Dataset records
Content starts

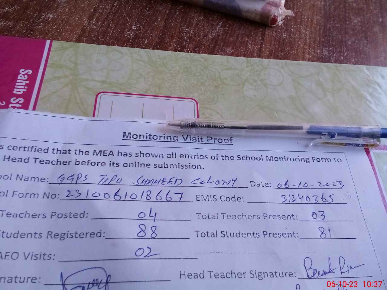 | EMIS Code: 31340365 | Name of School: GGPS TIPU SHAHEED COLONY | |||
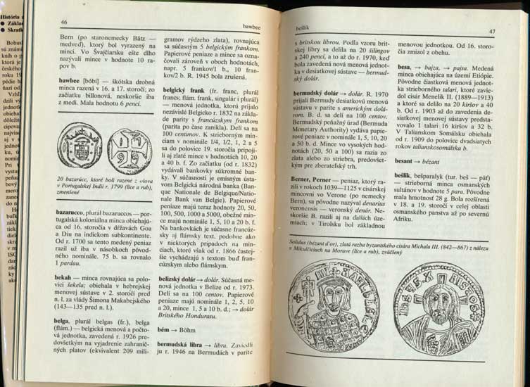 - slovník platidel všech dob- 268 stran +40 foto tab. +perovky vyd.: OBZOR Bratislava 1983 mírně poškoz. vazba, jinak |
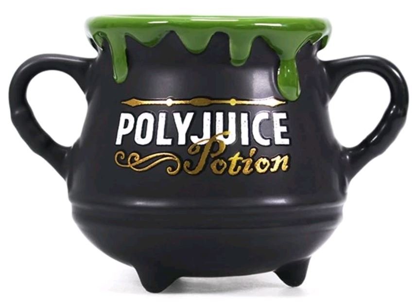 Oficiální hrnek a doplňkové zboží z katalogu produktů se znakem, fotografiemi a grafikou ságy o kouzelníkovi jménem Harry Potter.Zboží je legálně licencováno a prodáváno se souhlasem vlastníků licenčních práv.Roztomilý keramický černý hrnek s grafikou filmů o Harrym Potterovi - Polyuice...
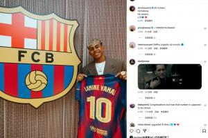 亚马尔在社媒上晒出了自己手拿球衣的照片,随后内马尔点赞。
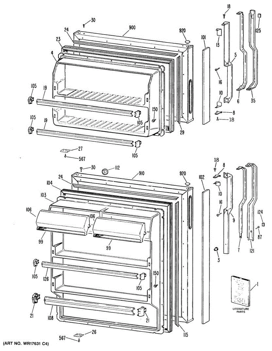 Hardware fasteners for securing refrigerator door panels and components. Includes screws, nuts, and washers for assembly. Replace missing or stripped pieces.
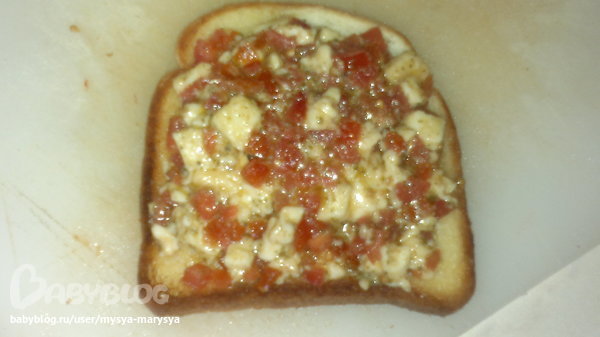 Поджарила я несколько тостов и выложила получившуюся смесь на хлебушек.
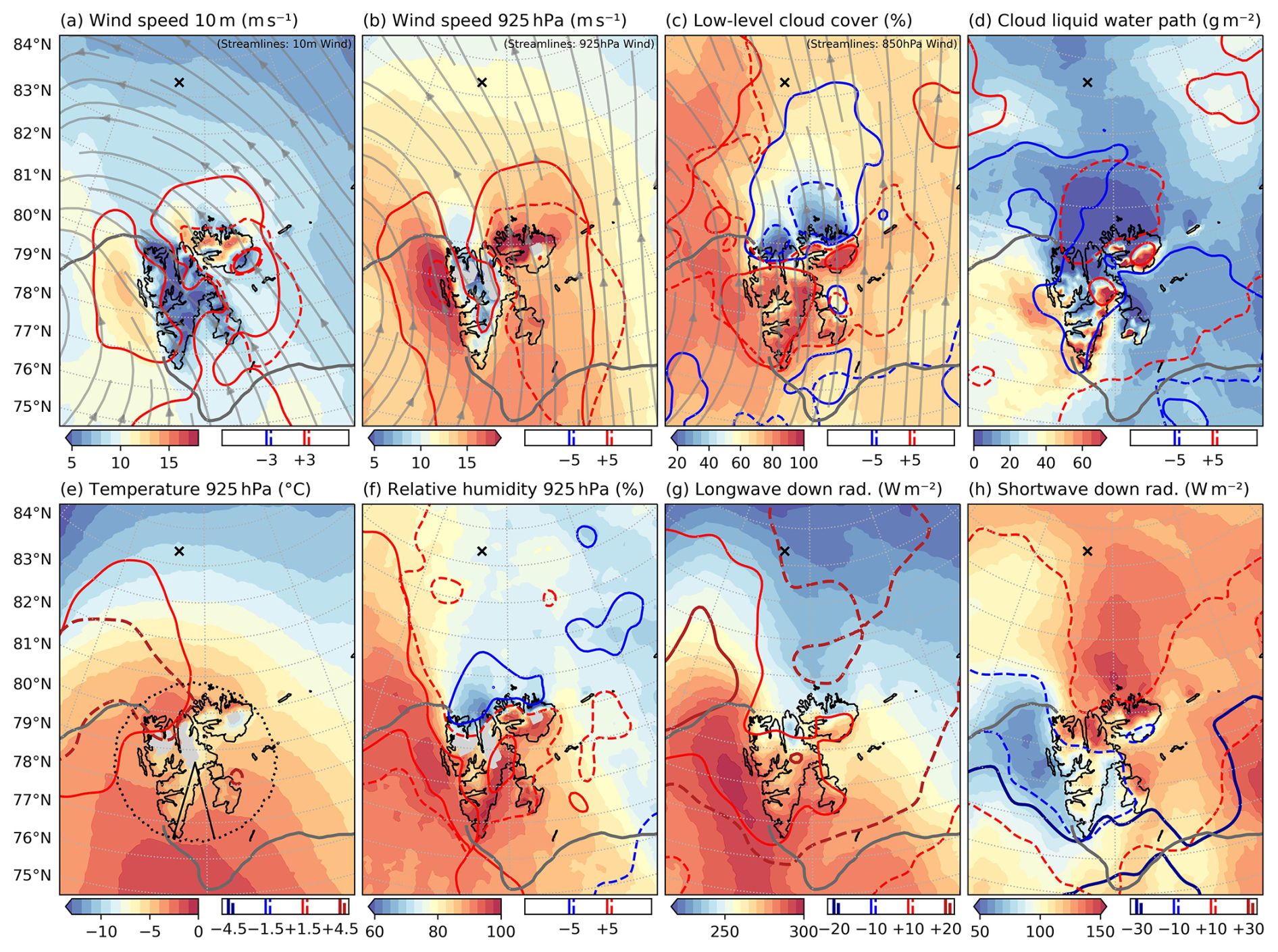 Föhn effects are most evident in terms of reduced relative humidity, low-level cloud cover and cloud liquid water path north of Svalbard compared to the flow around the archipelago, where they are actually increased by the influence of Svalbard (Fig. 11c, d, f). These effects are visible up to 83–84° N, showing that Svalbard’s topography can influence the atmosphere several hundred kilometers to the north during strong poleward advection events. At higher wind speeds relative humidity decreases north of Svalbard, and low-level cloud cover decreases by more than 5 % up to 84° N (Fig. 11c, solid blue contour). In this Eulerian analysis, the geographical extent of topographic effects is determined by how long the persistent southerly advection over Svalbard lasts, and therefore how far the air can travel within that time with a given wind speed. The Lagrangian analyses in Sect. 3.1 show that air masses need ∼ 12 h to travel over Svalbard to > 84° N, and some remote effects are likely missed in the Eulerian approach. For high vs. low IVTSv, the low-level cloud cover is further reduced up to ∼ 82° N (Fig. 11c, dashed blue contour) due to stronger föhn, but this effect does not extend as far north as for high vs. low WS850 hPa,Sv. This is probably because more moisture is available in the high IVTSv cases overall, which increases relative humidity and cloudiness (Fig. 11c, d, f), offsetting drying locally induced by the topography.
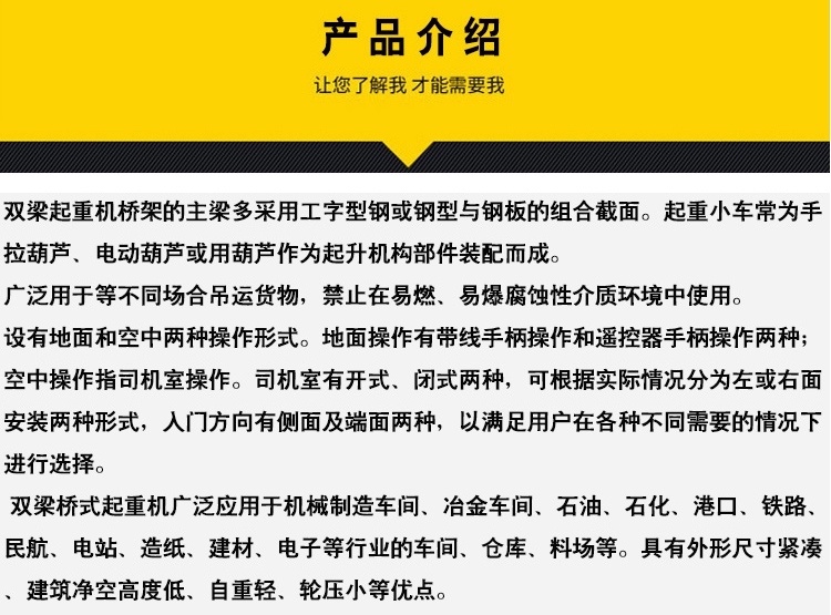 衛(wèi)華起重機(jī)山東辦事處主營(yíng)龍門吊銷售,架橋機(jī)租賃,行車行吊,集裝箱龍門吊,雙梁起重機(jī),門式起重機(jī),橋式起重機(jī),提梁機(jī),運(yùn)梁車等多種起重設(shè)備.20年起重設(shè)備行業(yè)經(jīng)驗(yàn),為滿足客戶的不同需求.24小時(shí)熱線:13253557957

Content ends

*WORK REQUEST*.
Repeat every record exactly, but not the pictures.

*REPLY TO THE EXERCISE*.
 | EMIS Code: 31340365 | Name of School: GGPS TIPU SHAHEED COLONY | |||
 - slovník platidel všech dob- 268 stran +40 foto tab. +perovky vyd.: OBZOR Bratislava 1983 mírně poškoz. vazba, jinak |
 Oficiální hrnek a doplňkové zboží z katalogu produktů se znakem, fotografiemi a grafikou ságy o kouzelníkovi jménem Harry Potter.Zboží je legálně licencováno a prodáváno se souhlasem vlastníků licenčních práv.Roztomilý keramický černý hrnek s grafikou filmů o Harrym Potterovi - Polyuice...
 亚马尔在社媒上晒出了自己手拿球衣的照片,随后内马尔点赞。
 Hardware fasteners for securing refrigerator door panels and components. Includes screws, nuts, and washers for assembly. Replace missing or stripped pieces.
 Поджарила я несколько тостов и выложила получившуюся смесь на хлебушек.
 Föhn effects are most evident in terms of reduced relative humidity, low-level cloud cover and cloud liquid water path north of Svalbard compared to the flow around the archipelago, where they are actually increased by the influence of Svalbard (Fig. 11c, d, f). These effects are visible up to 83–84° N, showing that Svalbard’s topography can influence the atmosphere several hundred kilometers to the north during strong poleward advection events. At higher wind speeds relative humidity decreases north of Svalbard, and low-level cloud cover decreases by more than 5 % up to 84° N (Fig. 11c, solid blue contour). In this Eulerian analysis, the geographical extent of topographic effects is determined by how long the persistent southerly advection over Svalbard lasts, and therefore how far the air can travel within that time with a given wind speed. The Lagrangian analyses in Sect. 3.1 show that air masses need ∼ 12 h to travel over Svalbard to > 84° N, and some remote effects are likely missed in the Eulerian approach. For high vs. low IVTSv, the low-level cloud cover is further reduced up to ∼ 82° N (Fig. 11c, dashed blue contour) due to stronger föhn, but this effect does not extend as far north as for high vs. low WS850 hPa,Sv. This is probably because more moisture is available in the high IVTSv cases overall, which increases relative humidity and cloudiness (Fig. 11c, d, f), offsetting drying locally induced by the topography.
 衛(wèi)華起重機(jī)山東辦事處主營(yíng)龍門吊銷售,架橋機(jī)租賃,行車行吊,集裝箱龍門吊,雙梁起重機(jī),門式起重機(jī),橋式起重機(jī),提梁機(jī),運(yùn)梁車等多種起重設(shè)備.20年起重設(shè)備行業(yè)經(jīng)驗(yàn),為滿足客戶的不同需求.24小時(shí)熱線:13253557957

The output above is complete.